EXERCISE OBJECTIVE: Pictures stay out of the copy. Retype exactly the lines below from the one with "CHF/HUF (243,40 –" through the one with "drzeworyt; wym.: 125".

======== DATA SUPPLIED ========

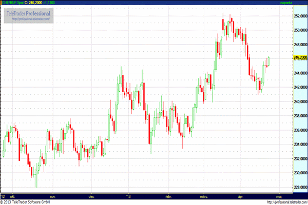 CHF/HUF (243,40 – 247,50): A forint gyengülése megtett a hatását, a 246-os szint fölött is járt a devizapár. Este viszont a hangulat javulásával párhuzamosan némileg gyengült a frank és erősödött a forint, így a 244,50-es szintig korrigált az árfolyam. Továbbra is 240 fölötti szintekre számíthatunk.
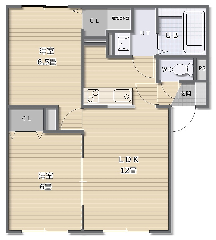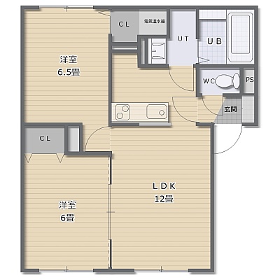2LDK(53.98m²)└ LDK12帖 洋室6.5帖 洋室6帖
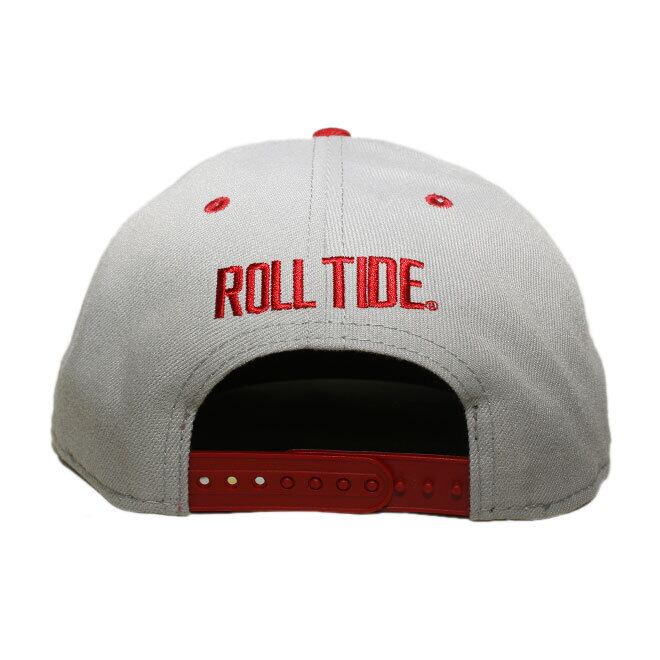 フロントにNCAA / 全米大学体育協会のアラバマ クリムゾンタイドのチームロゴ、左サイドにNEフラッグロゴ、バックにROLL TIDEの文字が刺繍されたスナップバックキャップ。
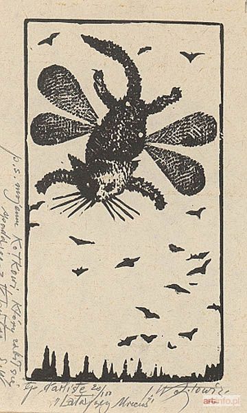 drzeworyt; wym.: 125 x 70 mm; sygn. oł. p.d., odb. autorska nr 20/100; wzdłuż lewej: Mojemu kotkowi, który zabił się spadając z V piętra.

========
======== DATA SUPPLIED ========

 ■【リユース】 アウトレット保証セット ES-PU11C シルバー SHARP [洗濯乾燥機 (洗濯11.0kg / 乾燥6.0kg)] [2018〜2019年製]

========
======== DATA SUPPLIED ========

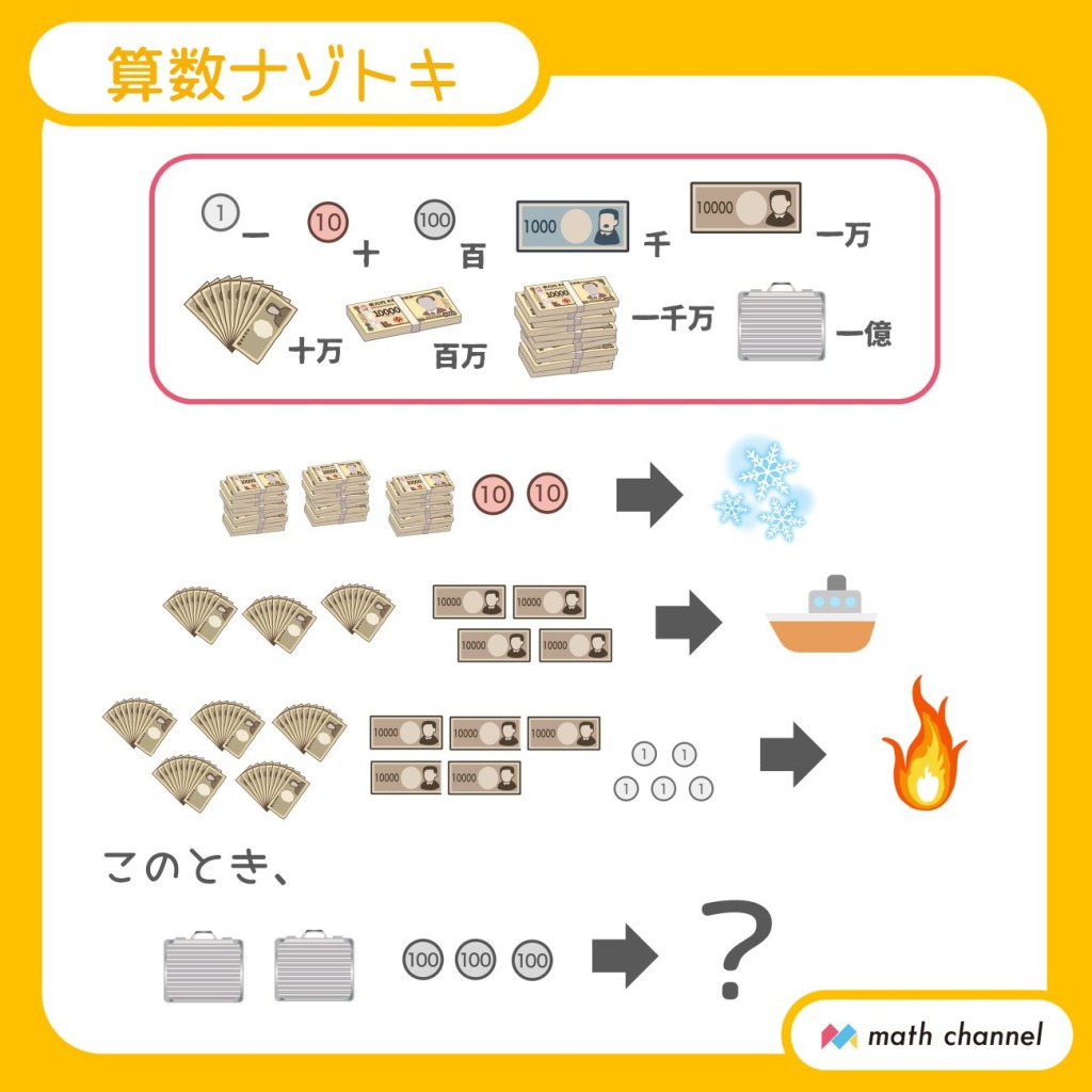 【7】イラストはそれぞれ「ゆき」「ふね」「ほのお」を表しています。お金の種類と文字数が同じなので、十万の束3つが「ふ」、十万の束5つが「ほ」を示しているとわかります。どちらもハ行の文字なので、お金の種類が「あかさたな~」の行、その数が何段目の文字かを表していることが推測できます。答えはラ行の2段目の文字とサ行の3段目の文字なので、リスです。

========

SOLUTION BELOW:
 CHF/HUF (243,40 – 247,50): A forint gyengülése megtett a hatását, a 246-os szint fölött is járt a devizapár. Este viszont a hangulat javulásával párhuzamosan némileg gyengült a frank és erősödött a forint, így a 244,50-es szintig korrigált az árfolyam. Továbbra is 240 fölötti szintekre számíthatunk.
2LDK(53.98m²)└ LDK12帖 洋室6.5帖 洋室6帖
 フロントにNCAA / 全米大学体育協会のアラバマ クリムゾンタイドのチームロゴ、左サイドにNEフラッグロゴ、バックにROLL TIDEの文字が刺繍されたスナップバックキャップ。
 drzeworyt; wym.: 125 x 70 mm; sygn. oł. p.d., odb. autorska nr 20/100; wzdłuż lewej: Mojemu kotkowi, który zabił się spadając z V piętra.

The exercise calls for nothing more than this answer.